Stage 4: Essay 1—continue developing your discussion and put on finishing touches
 Check for Draft 1 feedback
 Introduction paragraph states the author and title and includes your underlined thesis
 Support your discussion with valid points; underline your topic sentences
 Include relevant quotes from the text and in-text citations—highlight/color them blue
 Conclusion paragraph and separate Work Cited page
 750 words minimum (your works cited does not contribute; essays with less than 750 words will be
returned to you for resubmission and will be subjected to late penalties)

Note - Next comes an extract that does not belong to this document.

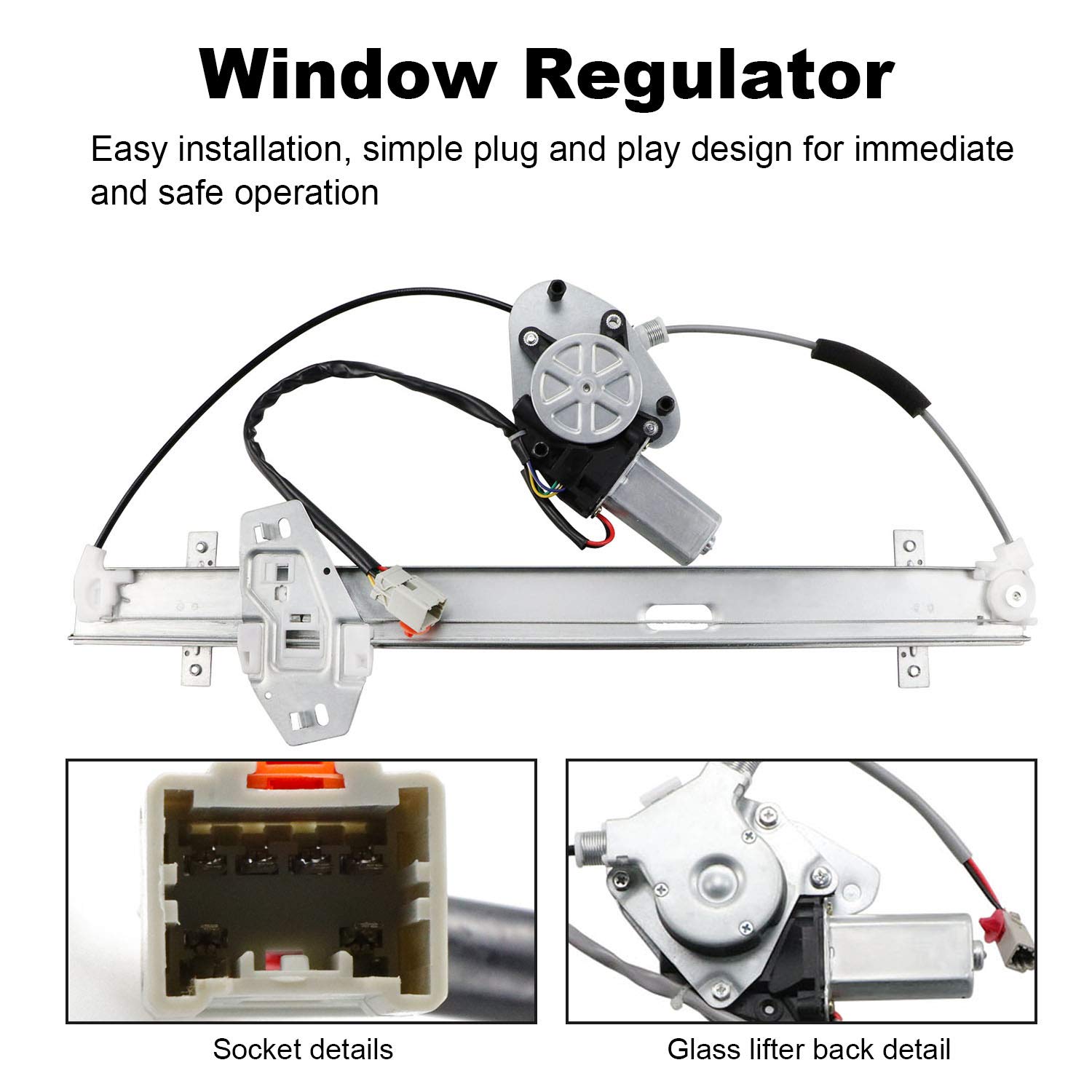 This regulator looks and function almost like the original, but the automatic up/ down function does not exist. But for $48 dollars, I dont mind holding the finger down a little longer. My old window glass and regulator was stuck and broken in the up position. The trick was separating the glass and the the regulator apart. I used a 10 mm flat dog bone ratchet and tucked my hand inside the door frame. Once I did that, I was able to take the regulator out. I hooked the new regulator and all the electrical hook up outside the door frame temporary to match the glass with the regulator. . I pushed down the glass midway and running the regulator up to match the 2 holes (KEY ON). This way I can easily bolt the 2 bolts that holds the glass to the regulator in the middle doorframe instead of up position. I permanently install the regulator to the glass inside the door frame . BOOM !! Working just fine
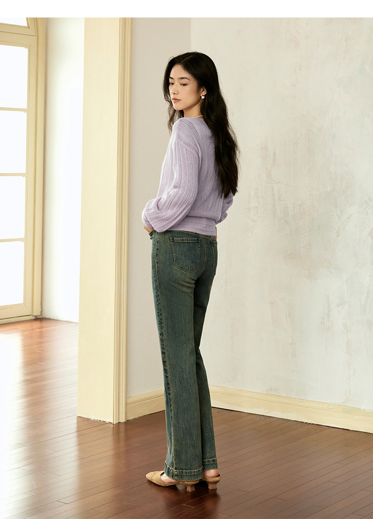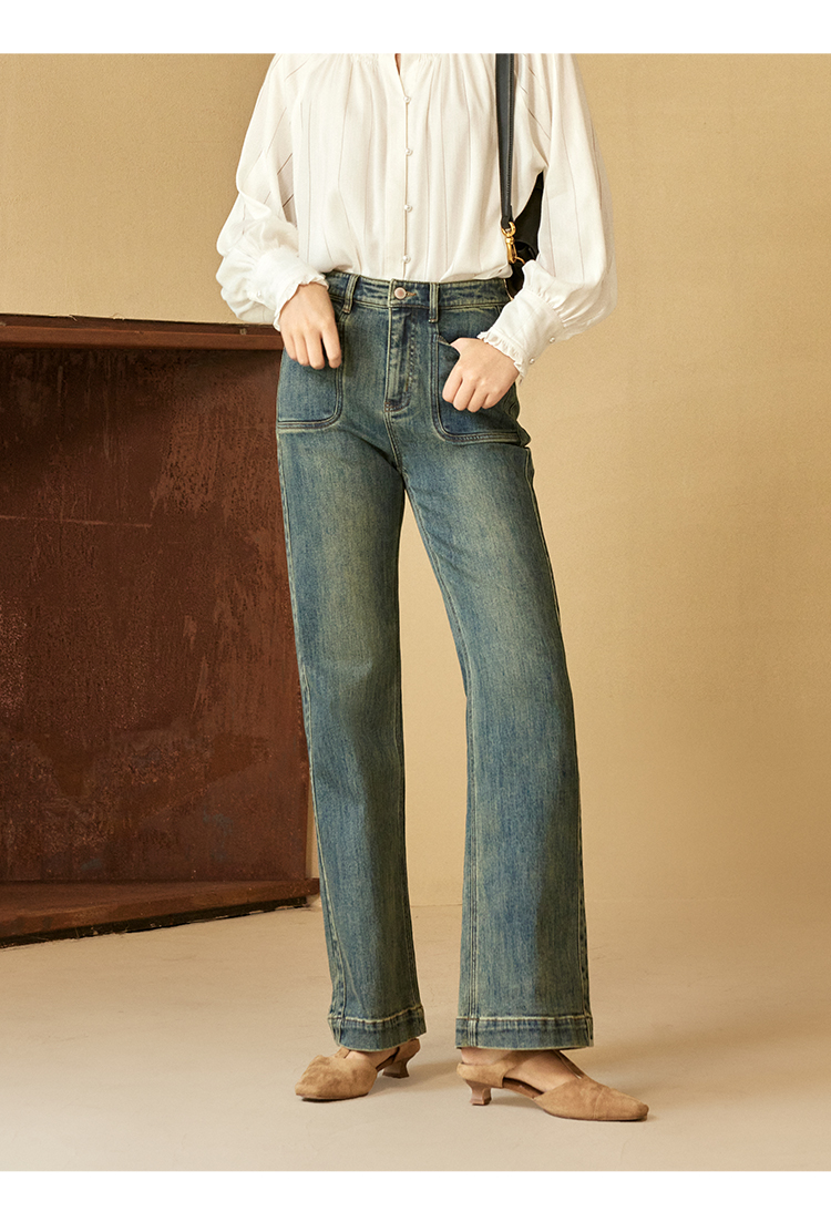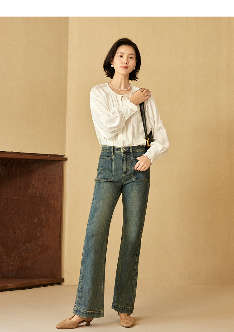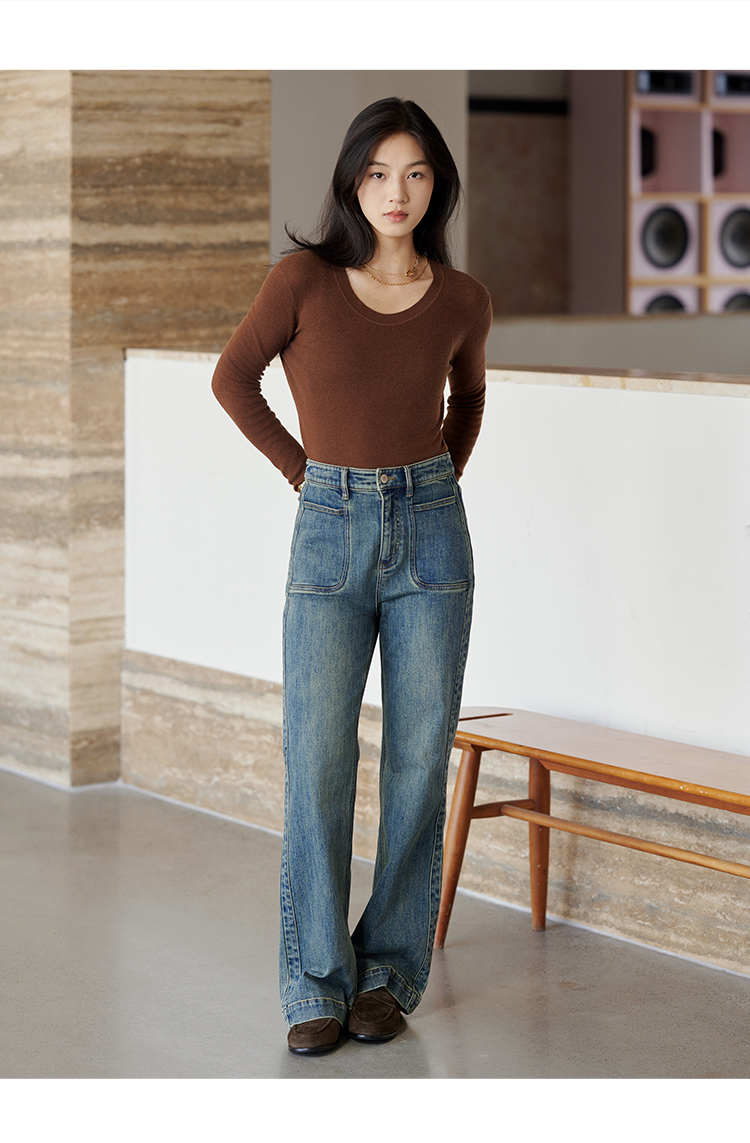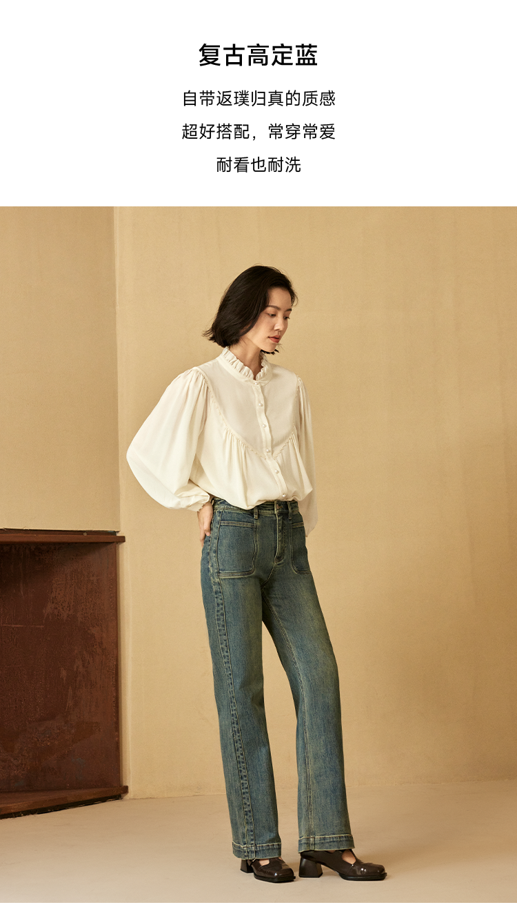 万向弹“超模神裤”对称贴袋微喇牛仔裤FCE3JEN183

 See the MLA Handbook for standard formatting requirements and other guidelines
 Use no sources other than the literature—do not use anyone else’s opinions or ideas, cited or
uncited (please note that class discussion is now considered your knowledge and is therefore free game
but reading anything on the web is not). Any use of outside sources (cited or otherwise) will be
considered a failure to follow directions and will result in a failing grade.

Stage 5: Journal 3—revise


 Check Essay 1 for feedback
 Evaluate each notation/highlight and make changes
 Note: be sure to revise fully and take all notations into consideration—not just for this assignment
but also for future ones (what corrections or resolutions should carry into new projects?)